= Shaolin vs Lama =

1983 Hong Kong film by Lee Tso-Nam

Shaolin vs Lama (少林鬥喇嘛) is a kung fu film starring Alexander Lo.

==Plot==

Lo Jui plays Sun Yi Ting, a Kung Fu fanatic in search of a teacher. After five years of challenging masters but never being beaten he runs into Hsu Shi (William Yen), a young Shaolin monk who stole money from a gambling match in order to acquire meat and wine for his master, who later discovers Yu Ting inside the Buddhist temple. Although Hsu's master (often referred to as Grandmaster) defeats Yu with ease he refuses to take him on as a student. Yu then resorts to trickery to try to learn techniques from the aged monk, Using the techniques the master uses against himself. Eventually these antics come to the attention of the senior abbot who expels Yu Ting from the temple altogether.

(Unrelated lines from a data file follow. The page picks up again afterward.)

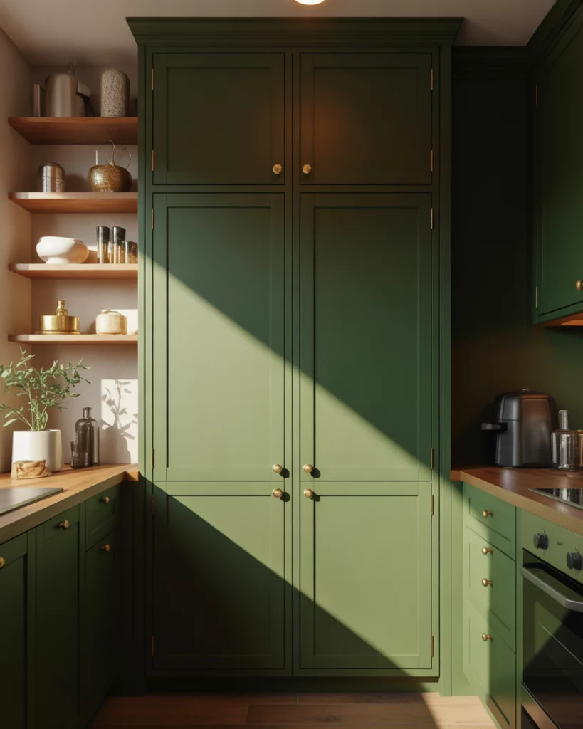 Color is playing a bigger role in pantry cabinet 2026 inspiration. Shades like green, blue, and black turn pantry cabinets into focal points rather than background storage. These choices reflect a shift toward expressive, personality-driven kitchens. An expert-style takeaway is balance: bold pantry colors work best when surrounding cabinetry stays neutral. This keeps the space timeless while still allowing homeowners to express style through one intentional, standout element.
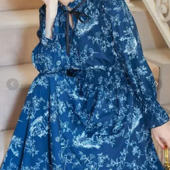 새상품급 앞뒤 2WAY 리본 포함 셔링 플라워 토와르 드 주이 원피스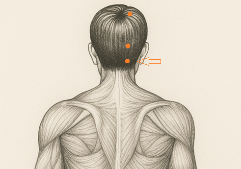 首をやや前に倒すと、後頚部にできる2本の太い筋(僧帽筋外縁)の内側に指が落ちるポイント。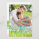Employez ces invitations modernes vert clair, blanches et turquoises simples, pourtant sophistiquées de mariage de photo avec votre l'initiale de monogramme et noms de jeunes mariés en texte turquoise et vert d'inviter vos invités à votre mariage. La combinaison de couleurs est parfaite pour un mariage de ressort et un mariage d'été. Une belle, moderne conception avec votre photo de fiançailles. © d'ELKE CLARKE pour la galerie de monogramme. Montré sur le livre blanc de base.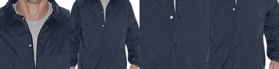 100% nylon; Inside pocket; Snap front; Hand-warmer pockets; Drawstring bottom, elastic cuffs;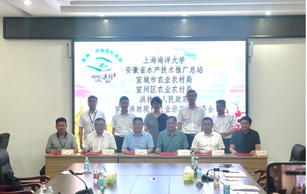 会上,李家乐代表学校与安徽省水产技术推广总站、宣城市农业农村局、宣州区农业农村局、洪林镇人民政府和洪林现代农业示范区管委会签订了《六方合作的产学研协议》,宣州区人民政府与上海海洋大学的《科技合作协议》。

Yu is only allowed back into the temple after he rescues a girl escaping from the dreaded Sky hawk clan. The head of the gang is a chief Lama, Yao Feng Lin, a sworn enemy of Shaolin who, twelve years ago, stole one of temple's most treasured martial arts manuals: the I ching manual. Hsu Shi's master eventually agrees to take Yu Ting on as a student but lessons are cut short when the Lama turns up and kills the master. Yu now swears revenge but before he can leave Shaolin he has to learn the 'Buddha Finger' technique, requested by his master to learn in order to defeat the Lama Chief.

==Cast==
- Lo Jui – Sun Yi Ting

Sun Yi Ting is a good man, but can sometimes show up as a bully or infidel, especially with Hsu Shi. Nonetheless, he is considerate and means no harm.

- Chang Shan – Yao Feng Lin

Yao Feng Lin is a vile man, capable of destruction. He kills off several characters - including Yan Zu and Hsu Shi's master - as well as severely injuring the head abbot. He is the perfect leader for the local crime ring, the Sky hawk clan.

- William Yen – Hsu Shi

Hsu Shi is a timid character. He is very agile, but lacks in his Kung Fu. He is rather loyal to Sun Yu Ting, despite his oppressive nature.

==Pop culture==
Two members of the Wu-Tang Clan, GZA and Raekwon, have featured dialogue from the English dubbed version of the movie. The samples appeared on GZA's 1995 album Liquid Swords, and Raekwon's "Guillotine (Swordz)" from Only Built 4 Cuban Linx… and "House of Flying Daggers", "Broken Safety", and "We Will Rob You" from Only Built 4 Cuban Linx… Pt. II.

Dialogue from the film also features at certain points in Chris Rock's Roll With the New.

Dialogue from the film is sampled in the Depth Charge song Shaolin Buddha Finger from the album 9 Deadly Venoms. The track is named after the technique Sun Yu Ting uses to defeat Yao Feng Lin.